Following the analysis from 10/30, let's check if using the low confidence denovo calls from GATK helps with the consensus results. Also, let's ignore DenovoGear from now. According to the triodenovo paper, in very few (if any) cases, the calls from DNG are better than triodenovo's.

# Within tools stats

## GATK

In [5]:
%%bash
suffix=allDeNovo.vcf 
cd /data/NCR_SBRB/simplex/gatk_refine
rm interesting_snvs_${suffix}.txt
# figure out all family IDs
ls -1 *_trio1_${suffix} > famids.txt
sed -i -e "s/_trio1_${suffix}//g" famids.txt

# for each family ID
while read fam; do
  # figure out how many trios we have
   ntrios=`ls -1 ${fam}_trio?_${suffix} | wc -l`;
   ntrios=$(($ntrios))
   # if we have more than one (assuming the first one is affected)
   if [ $ntrios -gt 1 ]; then
      # get all SNVs in the affected trio in the family
      cut -f 1,2 ${fam}_trio1_${suffix} | grep -v '#' - | sort | uniq > ${fam}_possible_snvs_${suffix}.txt;
      # combine the vcf files of all unnafected trios
      cat ${fam}_trio[2..$ntrios]_${suffix} | grep -v '#' - | cut -f 1,2 - > ${fam}_control_snvs_${suffix}.txt;
      # for each possible SNV in affected trio, mark it as interesting if it's not
      # in the unnafected trios
      while read snv; do
         if ! grep -q "$snv" ${fam}_control_snvs_${suffix}.txt; then
            echo $snv >> interesting_snvs_${suffix}.txt;
         fi;
      done < ${fam}_possible_snvs_${suffix}.txt;
   fi;
done < famids.txt

In [6]:
import pandas as pd
from scipy import stats
import numpy as np


import numpy as np
def do_perms(snps, noften, nboot=10000, npicks=20):
    success = 0
    for i in range(nboot):
        picks = np.random.choice(snps, npicks, replace = True)
        counts = stats.itemfreq(picks)
        nmax = np.max(counts[:,1])
        if (nmax >= noften):
            success += 1
    return(success/float(nboot))

In [7]:
snps_gatk = pd.read_table('/data/NCR_SBRB/simplex/gatk_refine/interesting_snvs_allDeNovo.vcf.txt',
                               header=None, names=['snp'])
counts_gatk = stats.itemfreq(snps_gatk['snp'])
my_max = np.max(counts_gatk[:, 1])
print 'Maximum frequency: %d in %d unique snps' % (my_max, len(counts_gatk))
print counts_gatk[counts_gatk[:, 1] == my_max]

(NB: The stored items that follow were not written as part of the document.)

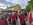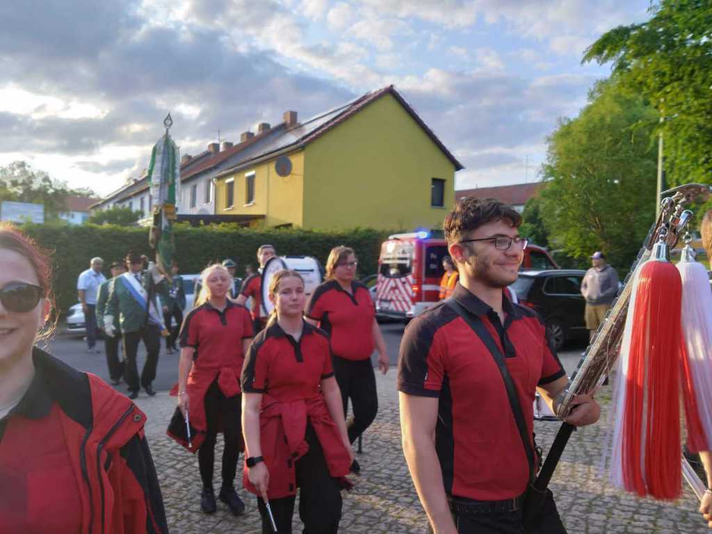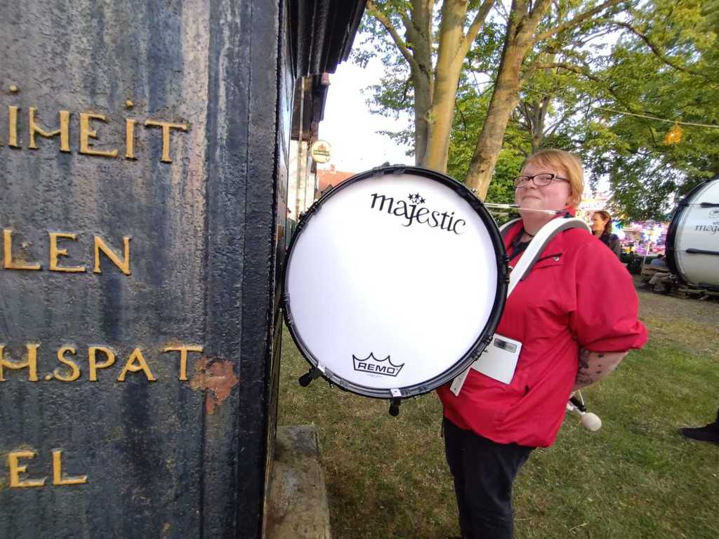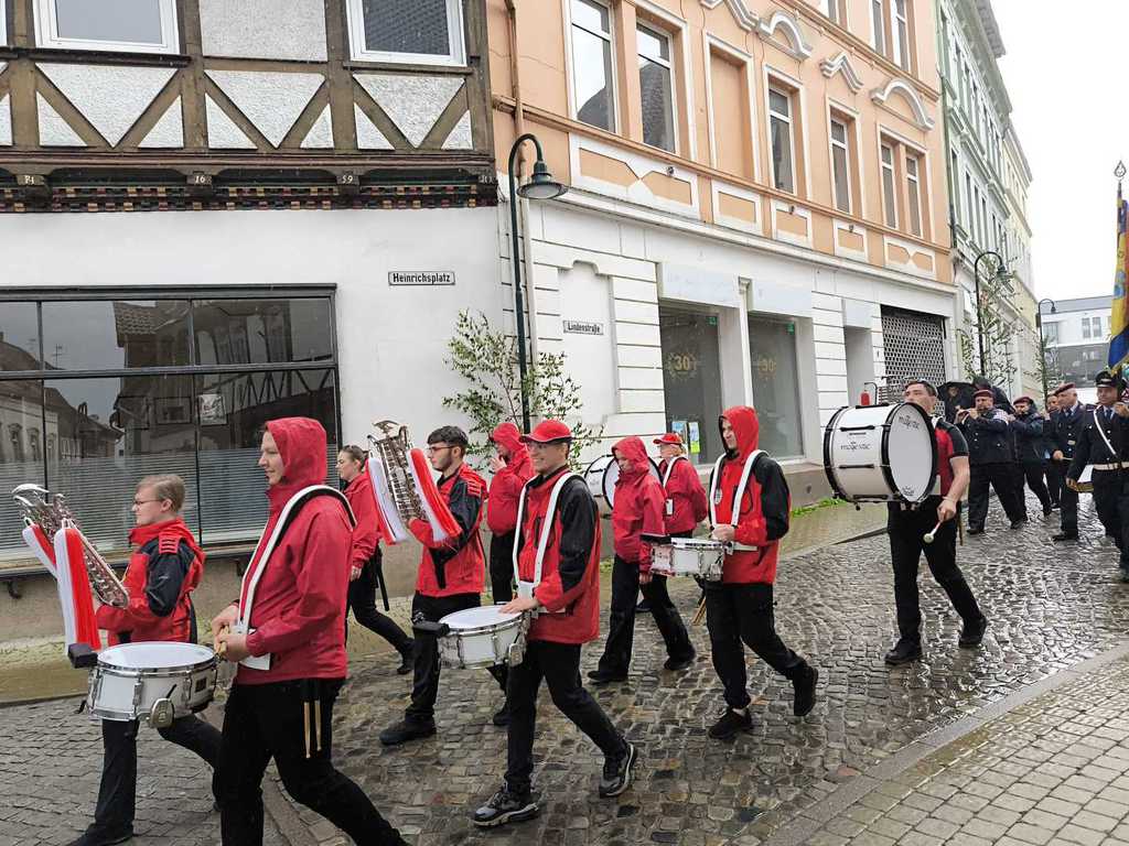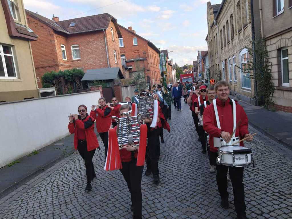 auf dem Marktplatz und marschierten gemeinsam zum Festplatz bei gutem Wetter.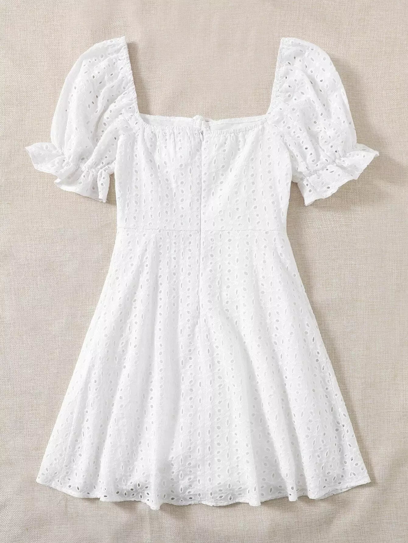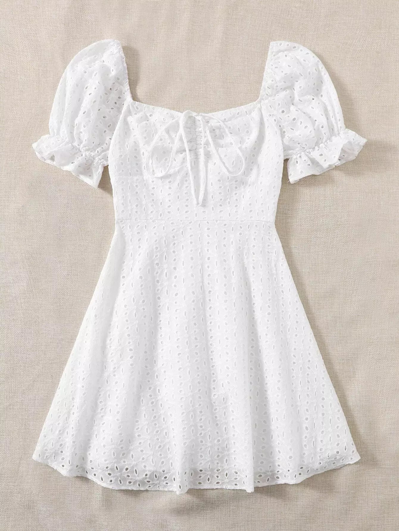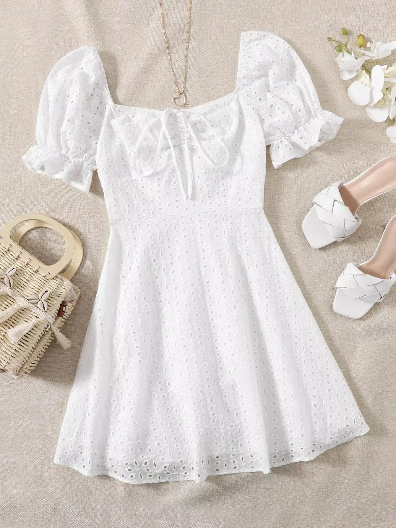 فستان شيفي بأكمام منفوشة بربطة عنق أمامية منفوشة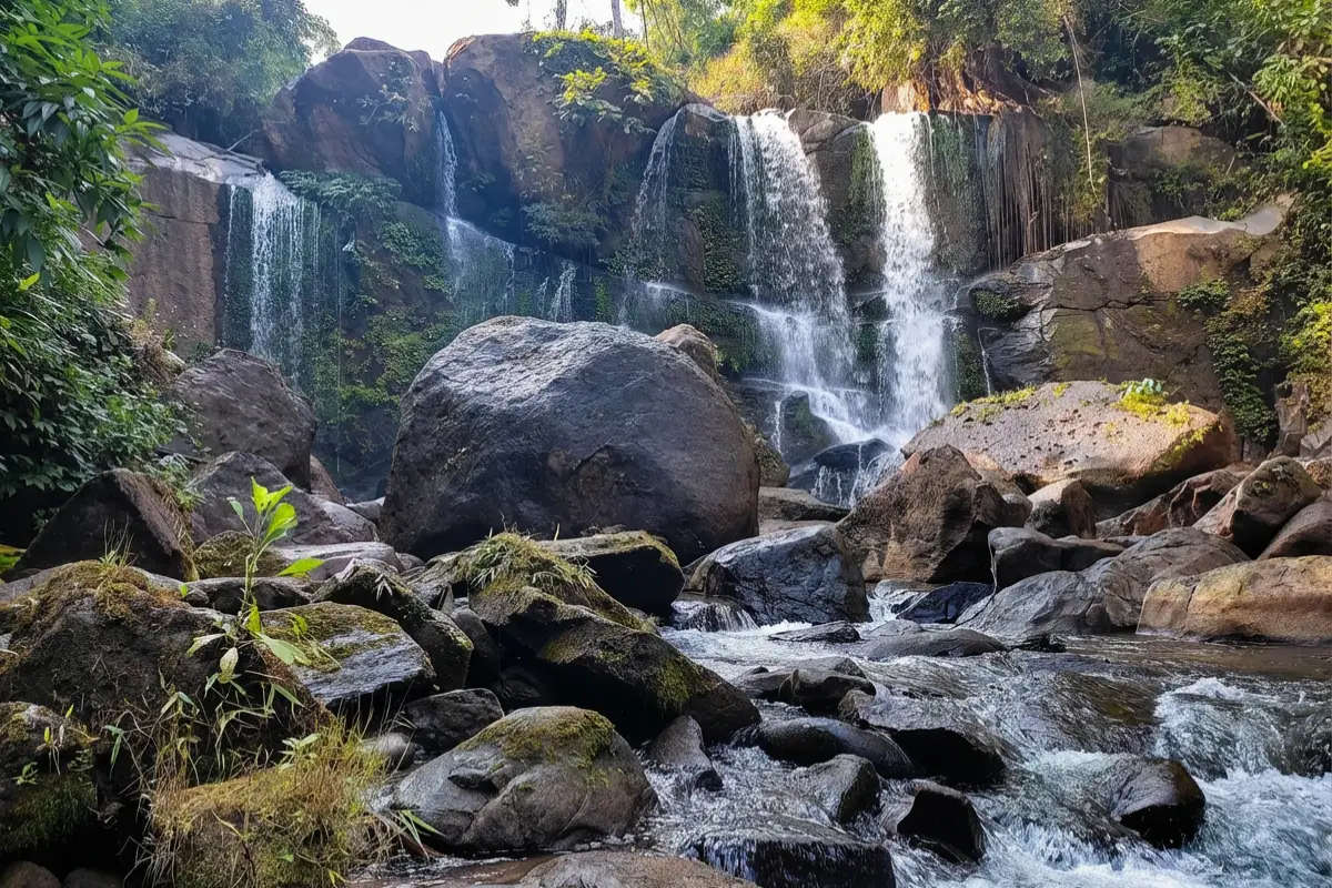 The waterfall is surrounded by tall green trees and scattered rocks all around. This brings freshness and elegance to the surroundings. When the sun shines through the leaves, the running water shines like silver or diamonds in the daylight. You can sit on the rocks and feel the refreshing atmosphere, admiring the calm rhythm of nature's flow. The untouched splendor of the Balwa Warri Waterfalls will stay with you long after the trip ends.

Maximum frequency: 3 in 139467 unique snps
[['chr1 120598739' 3]
 ['chr1 142897718' 3]
 ['chr1 143251223' 3]
 ['chr1 143420050' 3]
 ['chr1 143449316' 3]
 ['chr1 245928122' 3]
 ['chr10 133135993' 3]
 ['chr10 19026307' 3]
 ['chr11 51394527' 3]
 ['chr11 55046877' 3]
 ['chr12 118406089' 3]
 ['chr12 121471931' 3]
 ['chr12 9015996' 3]
 ['chr13 19447335' 3]
 ['chr13 52801661' 3]
 ['chr13 70469364' 3]
 ['chr13 73287599' 3]
 ['chr14 104630801' 3]
 ['chr14 20004233' 3]
 ['chr14 35476924' 3]
 ['chr14 66368478' 3]
 ['chr15 22049121' 3]
 ['chr15 78762313' 3]
 ['chr15 79220567' 3]
 ['chr16 30199933' 3]
 ['chr16 32141408' 3]
 ['chr16 33040759' 3]
 ['chr16 33865368' 3]
 ['chr16 33865369' 3]
 ['chr16 33865375' 3]
 ['chr16 33865377' 3]
 ['chr16 33937413' 3]
 ['chr16 55016333' 3]
 ['chr16 87747960' 3]
 ['chr17 21244764' 3]
 ['chr17 21248698' 3]
 ['chr17 25296420' 3]
 ['chr17 78795555' 3]
 ['chr17 80441236' 3]
 ['chr18 15172029' 3]
 ['chr18 34803023' 3]
 ['chr18 9880504' 3]
 ['chr19 53184007' 3]
 ['chr19 

In [8]:
do_perms(counts_gatk[:, 0], 3)

0.0

So, now we have several SNPs with at least 3 families calling it interesting... that's better, even though not all of them are high confidence according to GATK. Still, there are a bit too many for further investigation. Let's see if any of them agree with Triodenovo's calls.

## Triodenovo

In [10]:
%%bash
suffix=denovo_v2.vcf 
cd /data/NCR_SBRB/simplex/triodenovo
rm interesting_snvs_${suffix}.txt
# figure out all family IDs
ls -1 *_trio1_${suffix} > famids.txt
sed -i -e "s/_trio1_${suffix}//g" famids.txt

# for each family ID
while read fam; do
  # figure out how many trios we have
   ntrios=`ls -1 ${fam}_trio?_${suffix} | wc -l`;
   ntrios=$(($ntrios))
   # if we have more than one (assuming the first one is affected)
   if [ $ntrios -gt 1 ]; then
      # get all SNVs in the affected trio in the family
      cut -f 1,2 ${fam}_trio1_${suffix} | grep -v '#' - | sort | uniq > ${fam}_possible_snvs_${suffix}.txt;
      # combine the vcf files of all unnafected trios
      cat ${fam}_trio[2..$ntrios]_${suffix} > ${fam}_control_snvs_${suffix}.txt;
      # for each possible SNV in affected trio, mark it as interesting if it's not
      # in the unnafected trios
      while read snv; do
         if ! grep -q "$snv" ${fam}_control_snvs_${suffix}.txt; then
            echo $snv >> interesting_snvs_${suffix}.txt;
         fi;
      done < ${fam}_possible_snvs_${suffix}.txt;
   fi;
done < famids.txt

rm: cannot remove `interesting_snvs_denovo_v2.vcf.txt': No such file or directory


In [11]:
snps_tdn = pd.read_table('/data/NCR_SBRB/simplex/triodenovo/interesting_snvs_denovo_v2.vcf.txt',
                               header=None, names=['snp'])
counts_tdn = stats.itemfreq(snps_tdn['snp'])
my_max = np.max(counts_tdn[:, 1])
print 'Maximum frequency: %d in %d unique snps' % (my_max, len(counts_tdn))
print counts_tdn[counts_tdn[:, 1] == my_max]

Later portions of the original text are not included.